-- Opening Marker --

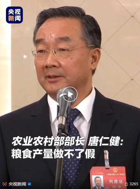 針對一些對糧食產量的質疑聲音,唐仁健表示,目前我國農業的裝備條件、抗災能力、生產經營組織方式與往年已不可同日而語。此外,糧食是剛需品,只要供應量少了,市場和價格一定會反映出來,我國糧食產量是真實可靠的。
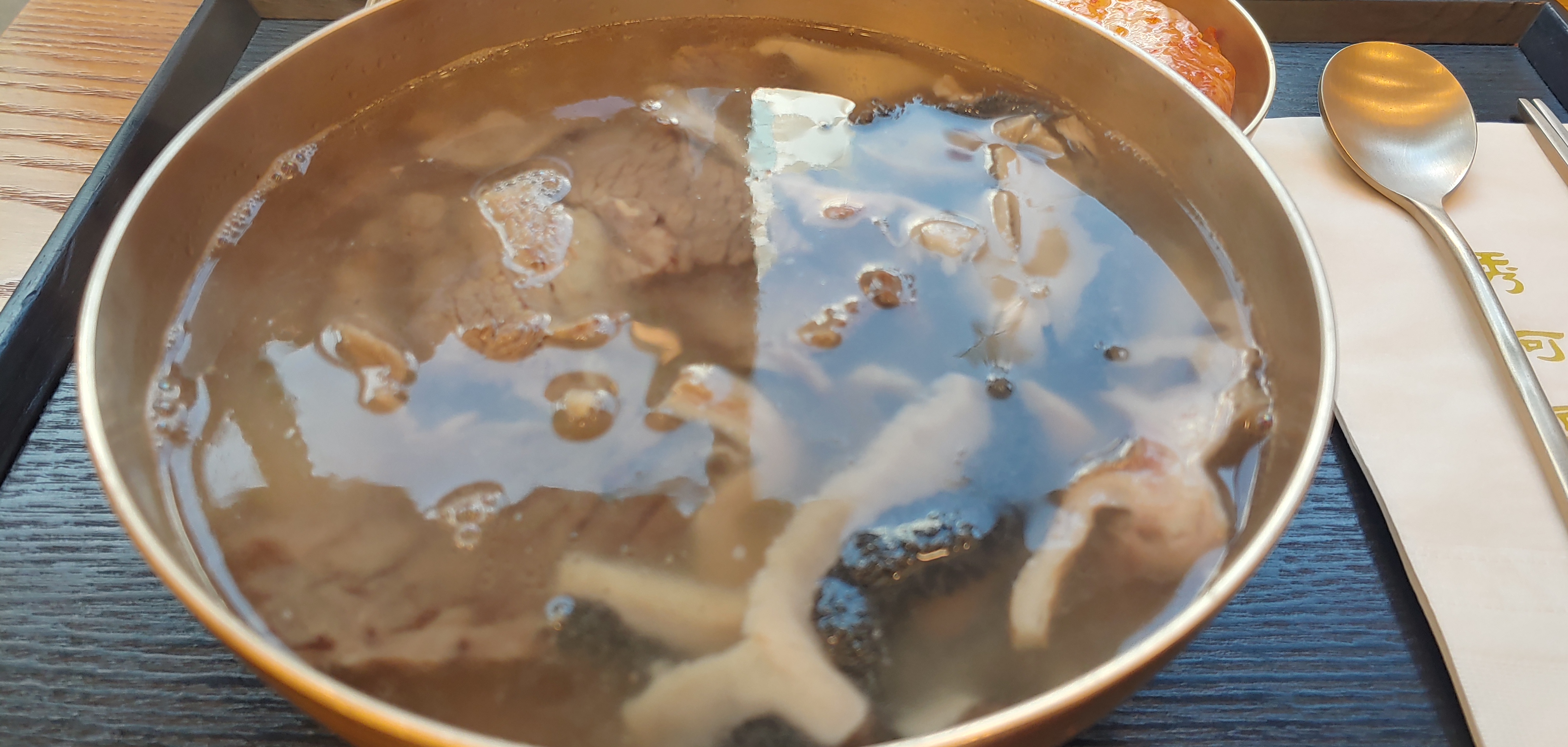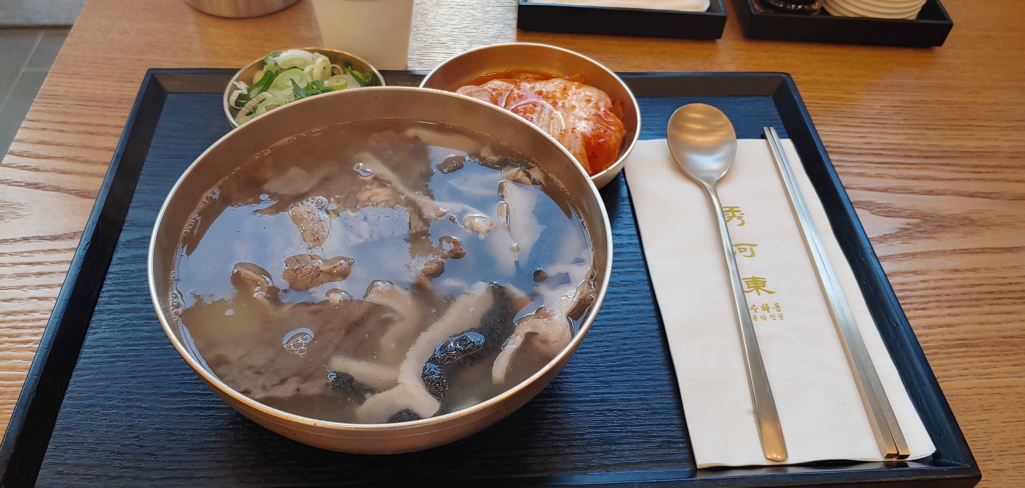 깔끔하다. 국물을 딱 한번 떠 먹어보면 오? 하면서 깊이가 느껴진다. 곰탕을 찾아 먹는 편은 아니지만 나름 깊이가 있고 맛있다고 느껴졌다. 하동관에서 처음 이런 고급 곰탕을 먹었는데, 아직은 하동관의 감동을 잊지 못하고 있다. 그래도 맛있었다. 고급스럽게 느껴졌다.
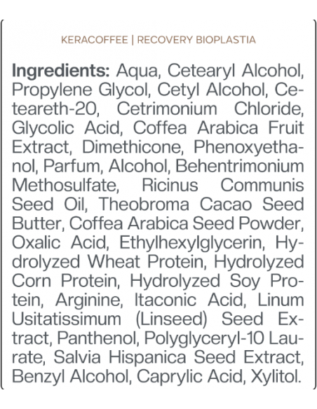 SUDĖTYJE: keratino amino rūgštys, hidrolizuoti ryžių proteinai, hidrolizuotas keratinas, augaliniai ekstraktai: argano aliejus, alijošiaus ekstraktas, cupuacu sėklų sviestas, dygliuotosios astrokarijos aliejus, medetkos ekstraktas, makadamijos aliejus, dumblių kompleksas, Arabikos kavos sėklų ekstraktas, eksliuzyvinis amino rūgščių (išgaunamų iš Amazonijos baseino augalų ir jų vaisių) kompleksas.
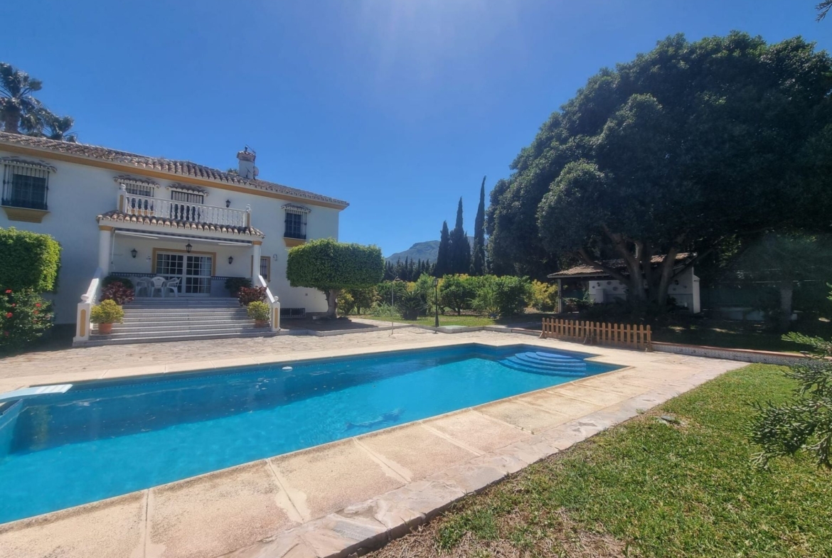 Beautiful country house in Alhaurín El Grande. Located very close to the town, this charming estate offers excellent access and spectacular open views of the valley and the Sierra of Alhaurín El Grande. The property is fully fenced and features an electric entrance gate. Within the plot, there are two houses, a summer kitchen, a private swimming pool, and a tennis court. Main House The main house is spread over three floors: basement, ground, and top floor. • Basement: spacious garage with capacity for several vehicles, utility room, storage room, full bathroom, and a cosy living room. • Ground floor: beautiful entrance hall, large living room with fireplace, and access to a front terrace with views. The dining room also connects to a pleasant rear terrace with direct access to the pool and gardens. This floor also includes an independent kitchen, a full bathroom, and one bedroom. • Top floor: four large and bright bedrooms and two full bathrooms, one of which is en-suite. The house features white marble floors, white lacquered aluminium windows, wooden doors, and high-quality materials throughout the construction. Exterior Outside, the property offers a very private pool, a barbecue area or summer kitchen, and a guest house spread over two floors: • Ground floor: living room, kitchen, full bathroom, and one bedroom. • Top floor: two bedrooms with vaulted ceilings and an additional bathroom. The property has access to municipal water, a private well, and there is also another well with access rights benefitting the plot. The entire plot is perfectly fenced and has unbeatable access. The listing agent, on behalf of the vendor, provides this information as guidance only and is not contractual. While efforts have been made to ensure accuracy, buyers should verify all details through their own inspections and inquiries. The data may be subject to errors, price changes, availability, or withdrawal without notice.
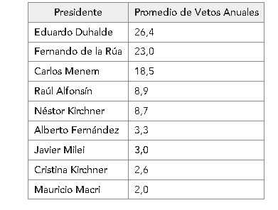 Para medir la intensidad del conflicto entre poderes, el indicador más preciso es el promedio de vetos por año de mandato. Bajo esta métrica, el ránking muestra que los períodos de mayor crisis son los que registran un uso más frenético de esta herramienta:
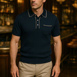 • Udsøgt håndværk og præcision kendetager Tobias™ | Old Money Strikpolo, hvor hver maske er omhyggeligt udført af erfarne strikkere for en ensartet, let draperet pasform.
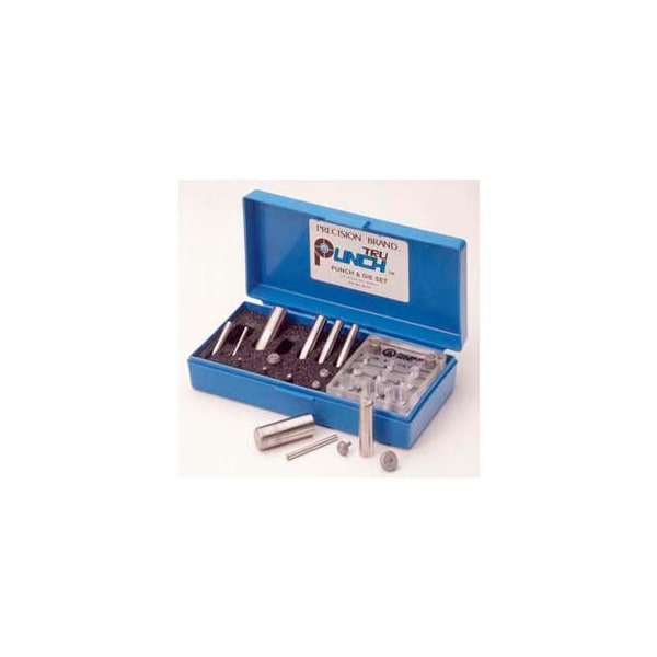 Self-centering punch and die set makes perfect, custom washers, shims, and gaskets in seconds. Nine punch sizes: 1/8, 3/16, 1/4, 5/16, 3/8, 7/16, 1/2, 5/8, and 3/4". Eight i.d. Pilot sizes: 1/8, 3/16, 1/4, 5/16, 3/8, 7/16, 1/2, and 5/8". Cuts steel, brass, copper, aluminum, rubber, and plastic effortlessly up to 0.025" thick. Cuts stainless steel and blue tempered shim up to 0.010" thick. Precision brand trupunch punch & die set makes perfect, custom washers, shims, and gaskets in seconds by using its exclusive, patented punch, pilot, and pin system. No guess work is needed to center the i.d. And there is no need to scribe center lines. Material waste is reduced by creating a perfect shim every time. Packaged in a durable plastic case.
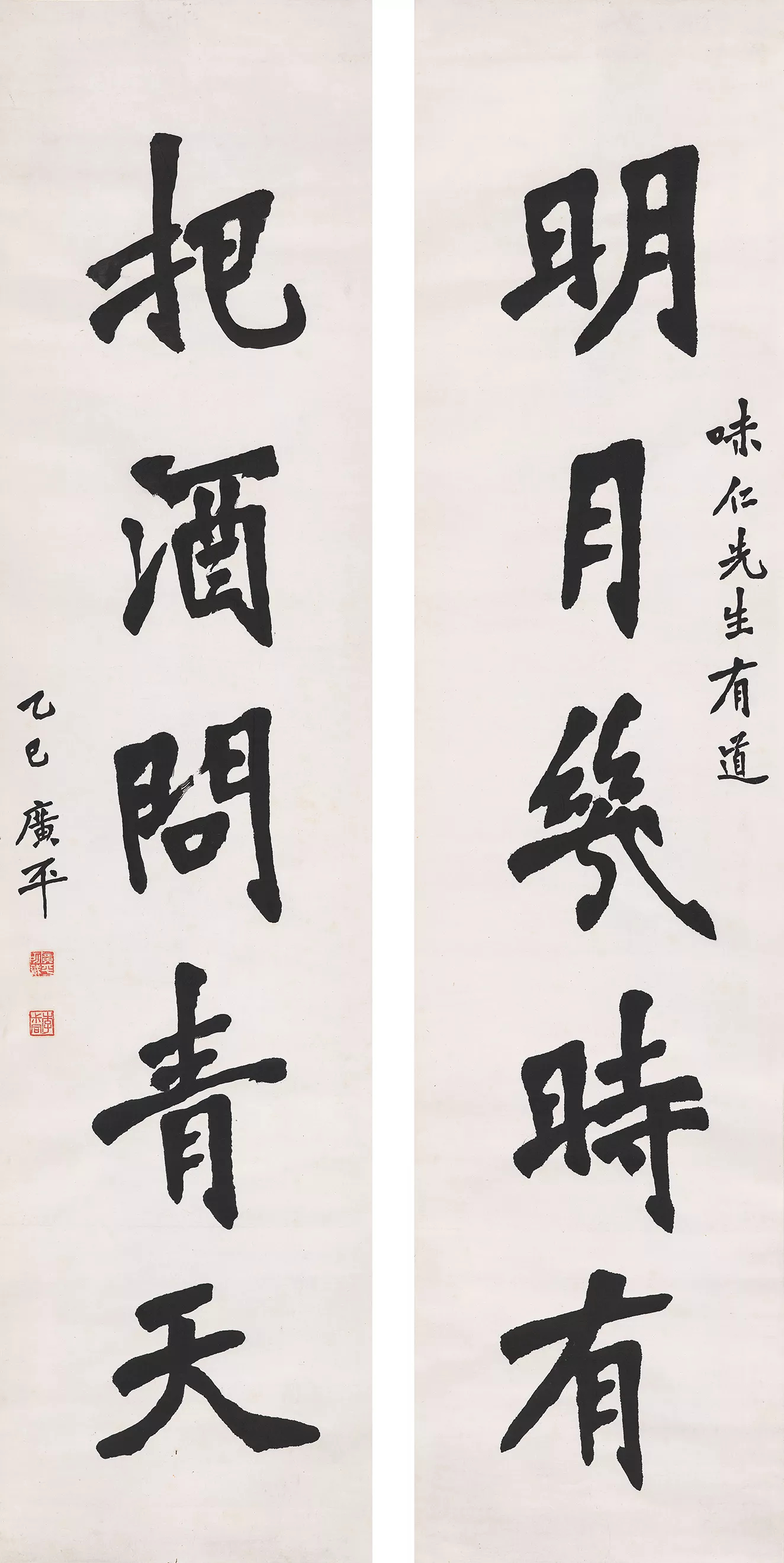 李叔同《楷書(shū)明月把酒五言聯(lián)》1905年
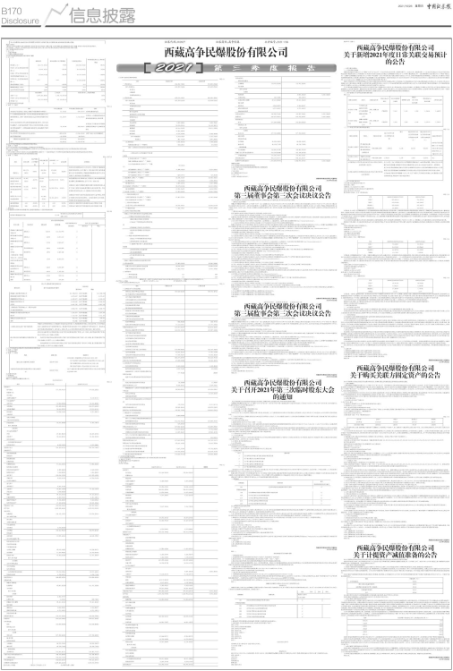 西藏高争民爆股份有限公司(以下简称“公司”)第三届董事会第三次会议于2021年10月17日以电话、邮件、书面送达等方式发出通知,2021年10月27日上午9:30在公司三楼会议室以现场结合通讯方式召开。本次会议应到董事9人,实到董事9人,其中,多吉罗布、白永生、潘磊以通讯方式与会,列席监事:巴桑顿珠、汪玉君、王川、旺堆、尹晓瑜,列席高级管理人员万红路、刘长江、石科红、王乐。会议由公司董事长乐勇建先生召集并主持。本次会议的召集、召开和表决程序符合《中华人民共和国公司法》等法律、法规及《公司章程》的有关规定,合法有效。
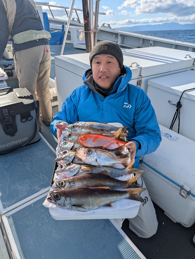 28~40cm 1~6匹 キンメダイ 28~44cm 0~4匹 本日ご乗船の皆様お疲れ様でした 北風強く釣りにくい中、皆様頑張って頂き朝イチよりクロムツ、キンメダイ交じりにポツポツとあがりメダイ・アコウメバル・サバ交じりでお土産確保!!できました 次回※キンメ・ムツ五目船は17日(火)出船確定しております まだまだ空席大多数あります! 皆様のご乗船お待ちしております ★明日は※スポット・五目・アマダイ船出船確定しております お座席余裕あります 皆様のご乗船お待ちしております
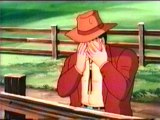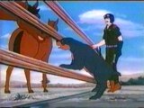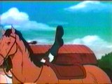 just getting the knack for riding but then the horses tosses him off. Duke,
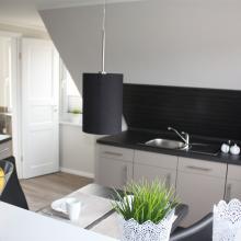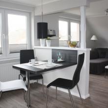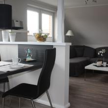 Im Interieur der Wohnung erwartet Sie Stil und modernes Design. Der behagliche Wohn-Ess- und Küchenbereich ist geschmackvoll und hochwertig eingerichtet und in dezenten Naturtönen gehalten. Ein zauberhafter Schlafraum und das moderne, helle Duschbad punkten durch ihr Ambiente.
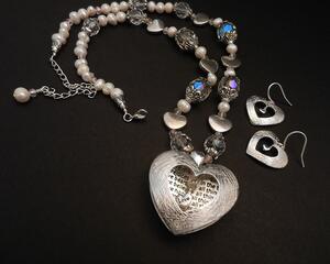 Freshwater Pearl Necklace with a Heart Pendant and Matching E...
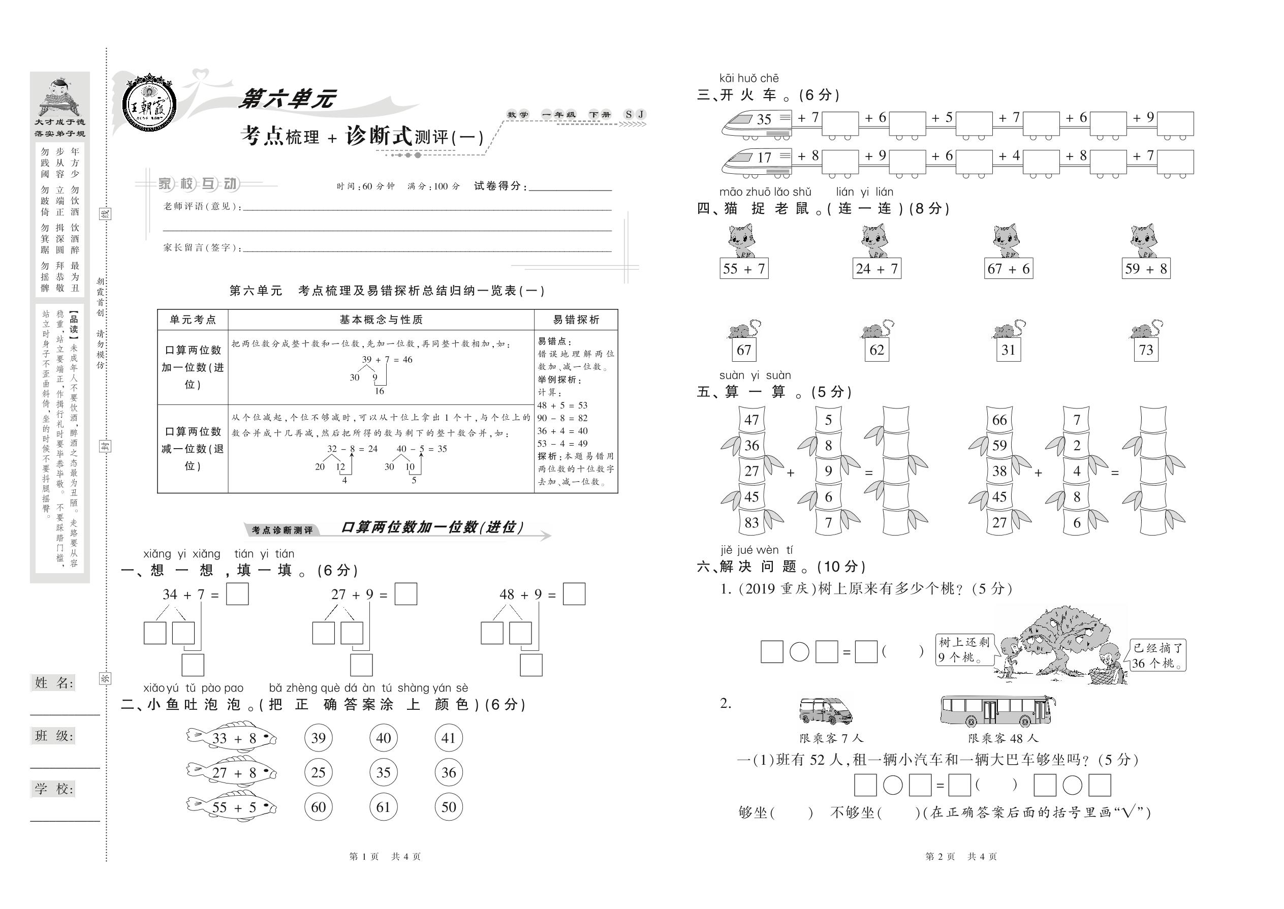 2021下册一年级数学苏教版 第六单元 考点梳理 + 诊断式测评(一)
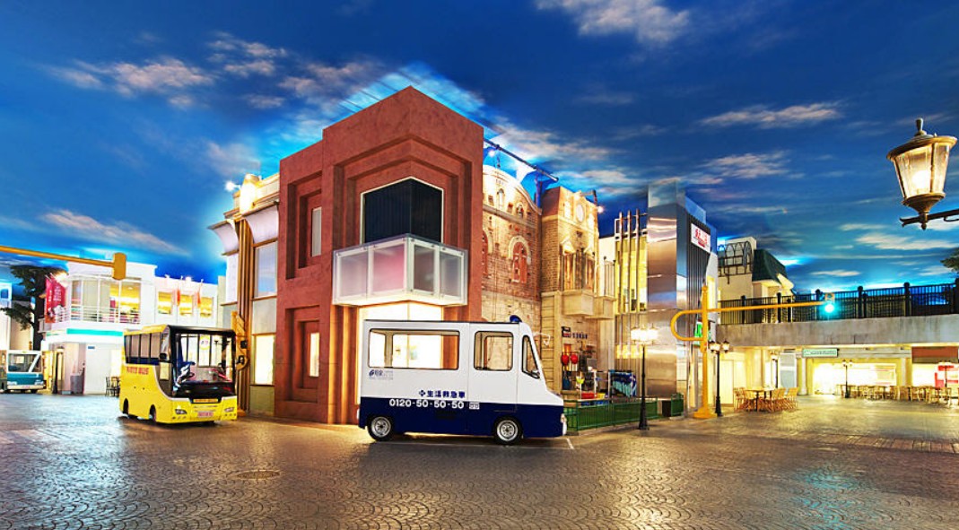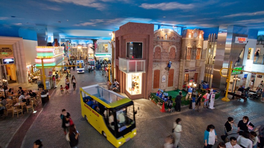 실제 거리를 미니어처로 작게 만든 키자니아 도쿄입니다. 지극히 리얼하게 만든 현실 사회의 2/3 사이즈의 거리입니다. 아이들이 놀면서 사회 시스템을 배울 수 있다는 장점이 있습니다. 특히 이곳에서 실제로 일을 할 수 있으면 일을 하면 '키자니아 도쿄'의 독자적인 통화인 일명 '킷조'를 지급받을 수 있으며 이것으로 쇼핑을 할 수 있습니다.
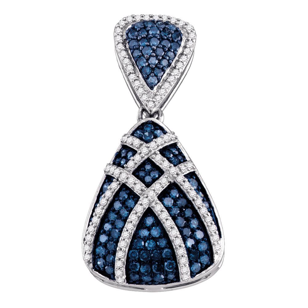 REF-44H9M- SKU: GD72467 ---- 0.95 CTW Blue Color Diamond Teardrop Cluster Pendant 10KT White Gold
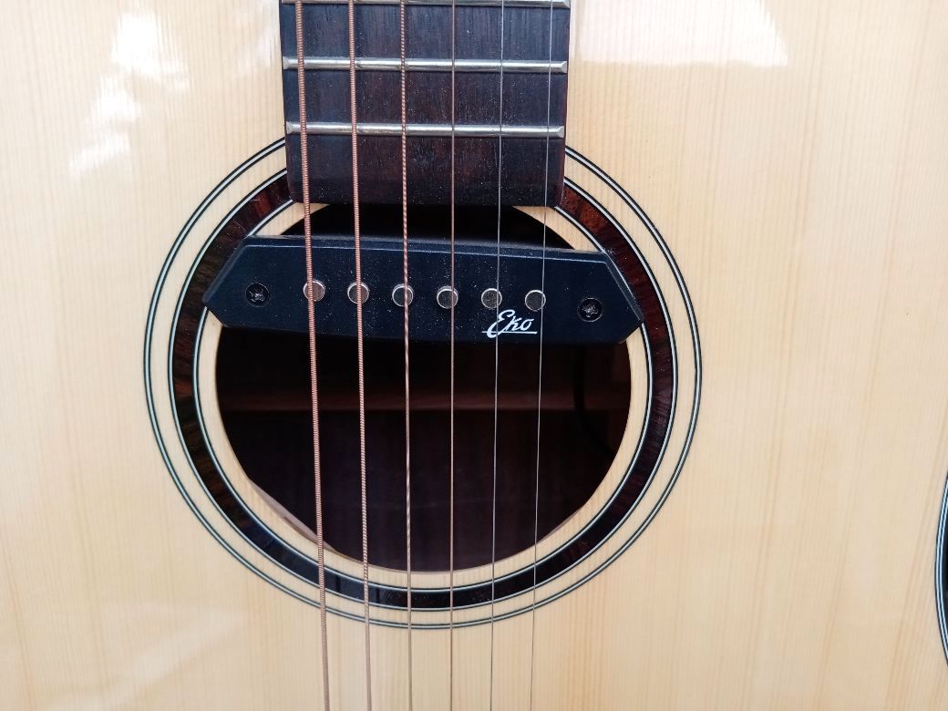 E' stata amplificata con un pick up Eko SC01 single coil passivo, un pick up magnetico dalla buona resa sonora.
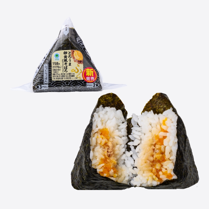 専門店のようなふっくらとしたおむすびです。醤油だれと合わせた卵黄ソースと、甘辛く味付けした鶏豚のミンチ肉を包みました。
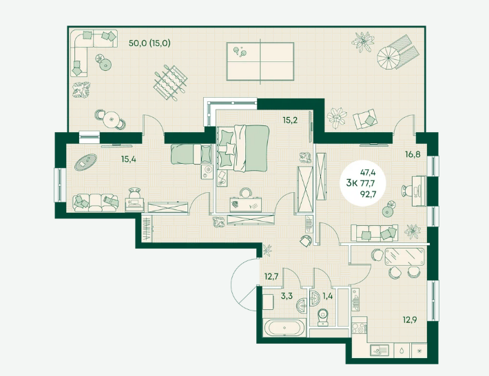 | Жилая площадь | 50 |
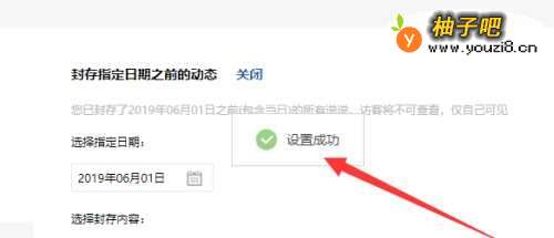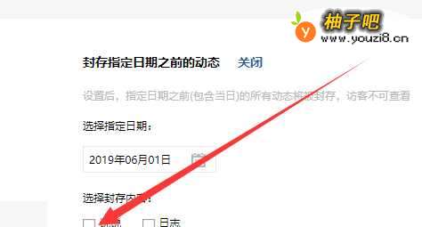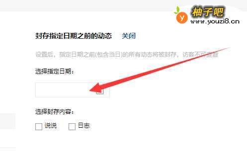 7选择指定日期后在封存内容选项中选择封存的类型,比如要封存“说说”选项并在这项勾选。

-- Closing Marker --

## EXERCISE DESCRIPTION
Pictures aside, transcribe exactly the lines from the line containing "실제 거리를 미니어처로" through the final line of the material above.

## RESULT FOR THIS TASK
 실제 거리를 미니어처로 작게 만든 키자니아 도쿄입니다. 지극히 리얼하게 만든 현실 사회의 2/3 사이즈의 거리입니다. 아이들이 놀면서 사회 시스템을 배울 수 있다는 장점이 있습니다. 특히 이곳에서 실제로 일을 할 수 있으면 일을 하면 '키자니아 도쿄'의 독자적인 통화인 일명 '킷조'를 지급받을 수 있으며 이것으로 쇼핑을 할 수 있습니다.
 REF-44H9M- SKU: GD72467 ---- 0.95 CTW Blue Color Diamond Teardrop Cluster Pendant 10KT White Gold
 E' stata amplificata con un pick up Eko SC01 single coil passivo, un pick up magnetico dalla buona resa sonora.
 専門店のようなふっくらとしたおむすびです。醤油だれと合わせた卵黄ソースと、甘辛く味付けした鶏豚のミンチ肉を包みました。
 | Жилая площадь | 50 |
 7选择指定日期后在封存内容选项中选择封存的类型,比如要封存“说说”选项并在这项勾选。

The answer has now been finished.